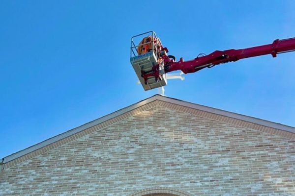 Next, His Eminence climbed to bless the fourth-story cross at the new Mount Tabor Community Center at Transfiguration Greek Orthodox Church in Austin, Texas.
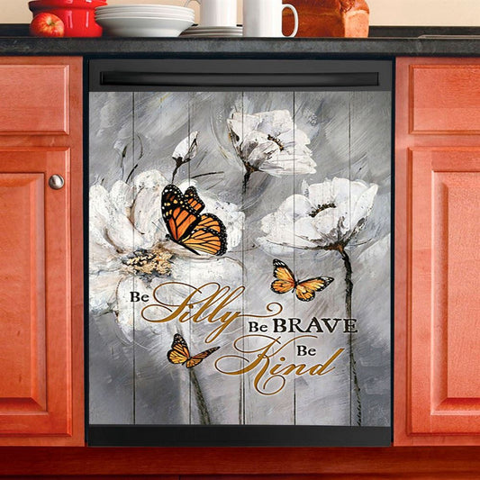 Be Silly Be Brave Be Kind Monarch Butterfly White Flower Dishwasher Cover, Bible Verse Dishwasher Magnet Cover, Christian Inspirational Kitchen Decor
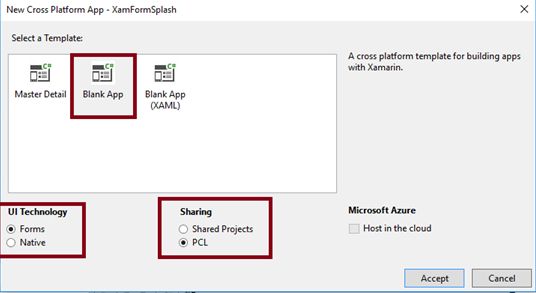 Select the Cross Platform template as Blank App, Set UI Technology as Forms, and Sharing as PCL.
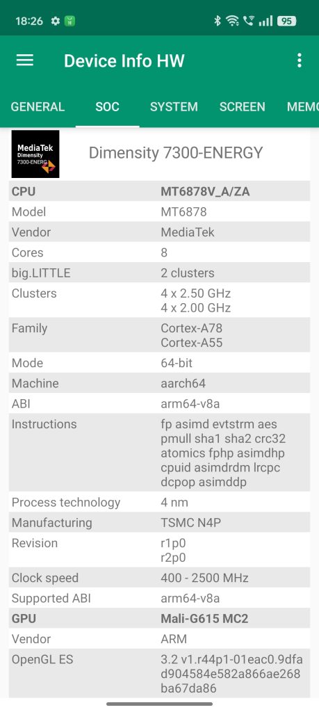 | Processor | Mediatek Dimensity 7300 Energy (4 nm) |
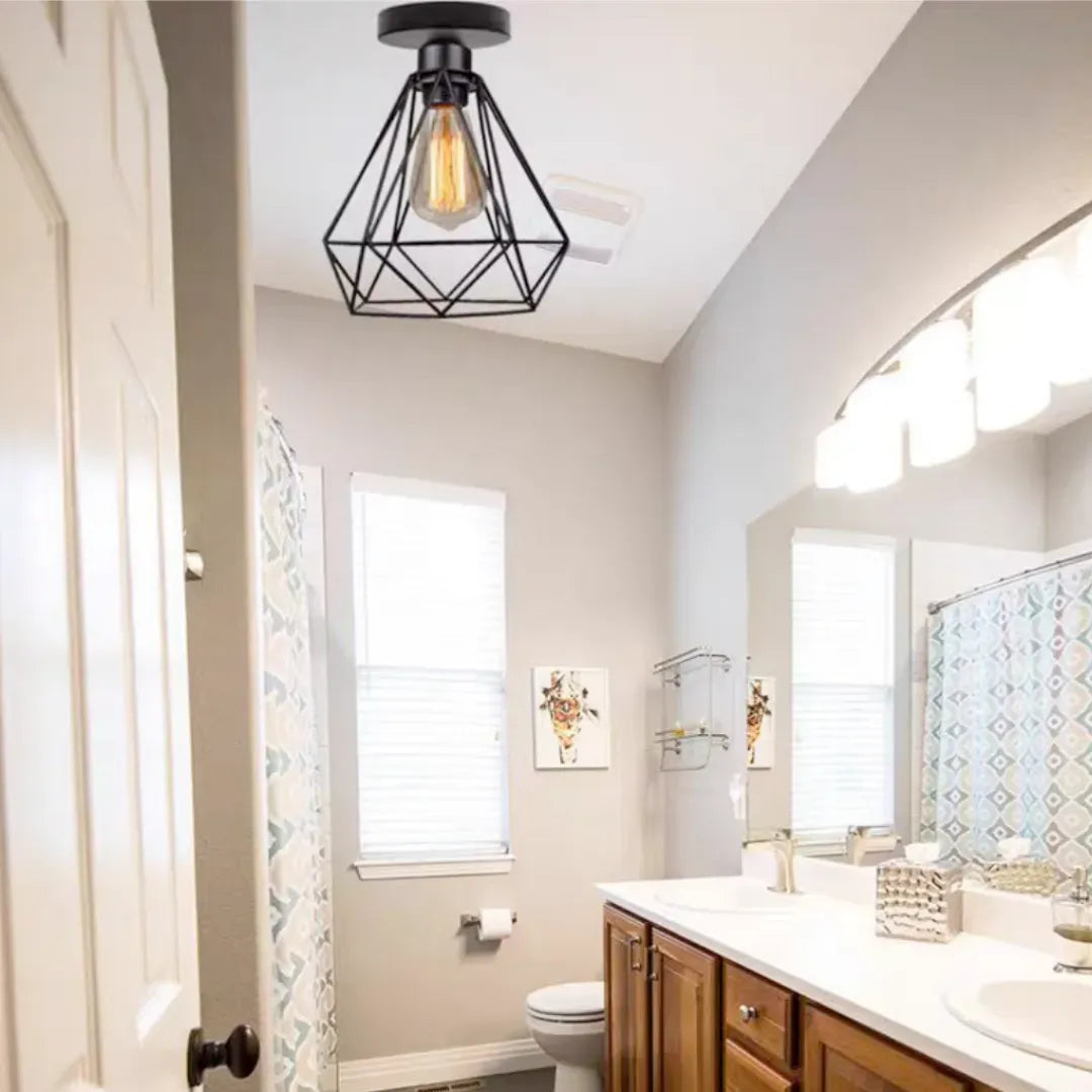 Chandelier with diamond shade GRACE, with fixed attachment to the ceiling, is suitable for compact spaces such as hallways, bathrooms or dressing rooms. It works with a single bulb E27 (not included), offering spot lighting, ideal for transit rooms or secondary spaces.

--

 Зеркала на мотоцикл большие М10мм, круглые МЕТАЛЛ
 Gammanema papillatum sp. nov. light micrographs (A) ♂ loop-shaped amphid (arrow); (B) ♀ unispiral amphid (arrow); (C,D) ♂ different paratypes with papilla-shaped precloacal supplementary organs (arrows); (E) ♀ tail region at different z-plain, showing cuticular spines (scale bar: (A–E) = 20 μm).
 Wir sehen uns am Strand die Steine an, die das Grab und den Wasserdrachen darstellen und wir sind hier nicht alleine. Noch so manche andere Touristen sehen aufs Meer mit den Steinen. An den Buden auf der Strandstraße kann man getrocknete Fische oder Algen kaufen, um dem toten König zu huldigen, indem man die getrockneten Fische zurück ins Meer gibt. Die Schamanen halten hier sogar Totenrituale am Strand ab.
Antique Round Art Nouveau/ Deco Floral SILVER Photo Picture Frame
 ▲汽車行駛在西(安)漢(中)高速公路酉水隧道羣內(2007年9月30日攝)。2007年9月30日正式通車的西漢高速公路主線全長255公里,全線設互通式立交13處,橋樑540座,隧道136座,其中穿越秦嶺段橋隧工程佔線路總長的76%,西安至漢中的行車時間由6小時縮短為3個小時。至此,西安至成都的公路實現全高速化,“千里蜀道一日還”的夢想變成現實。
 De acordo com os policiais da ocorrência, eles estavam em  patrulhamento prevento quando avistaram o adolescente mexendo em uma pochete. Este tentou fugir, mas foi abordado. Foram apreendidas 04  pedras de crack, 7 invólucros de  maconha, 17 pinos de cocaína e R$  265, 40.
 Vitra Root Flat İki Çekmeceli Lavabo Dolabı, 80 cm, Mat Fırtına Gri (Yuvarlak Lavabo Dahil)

==

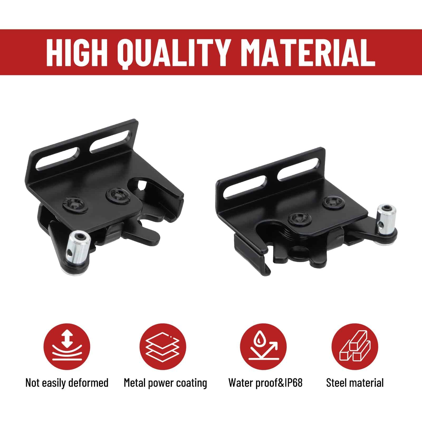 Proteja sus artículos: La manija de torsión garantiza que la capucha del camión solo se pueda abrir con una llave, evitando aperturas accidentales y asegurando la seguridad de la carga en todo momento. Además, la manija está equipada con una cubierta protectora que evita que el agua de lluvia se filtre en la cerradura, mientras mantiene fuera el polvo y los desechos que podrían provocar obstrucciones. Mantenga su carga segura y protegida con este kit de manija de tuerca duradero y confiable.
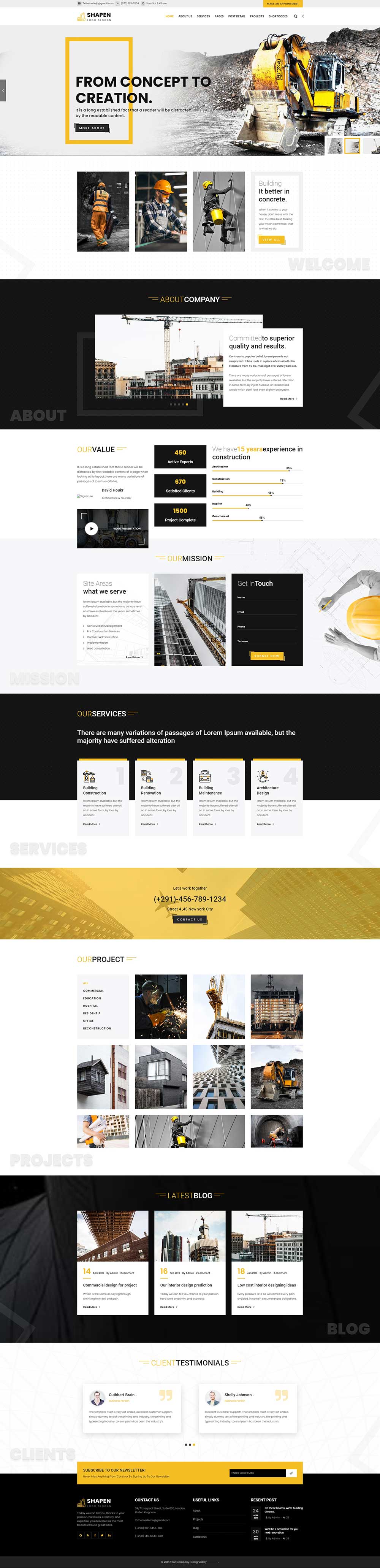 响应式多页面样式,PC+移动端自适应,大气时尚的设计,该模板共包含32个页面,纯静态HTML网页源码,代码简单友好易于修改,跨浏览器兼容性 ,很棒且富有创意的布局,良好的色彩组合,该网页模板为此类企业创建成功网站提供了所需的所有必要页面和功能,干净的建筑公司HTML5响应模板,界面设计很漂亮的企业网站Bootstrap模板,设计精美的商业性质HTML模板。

- **Try it**:
Each line above from the one containing "Energy (4 nm) |" through the one containing "Chandelier with diamond" is to be returned verbatim. Nothing else, and no pictures.

- **Answer**:
 | Processor | Mediatek Dimensity 7300 Energy (4 nm) |
 Chandelier with diamond shade GRACE, with fixed attachment to the ceiling, is suitable for compact spaces such as hallways, bathrooms or dressing rooms. It works with a single bulb E27 (not included), offering spot lighting, ideal for transit rooms or secondary spaces.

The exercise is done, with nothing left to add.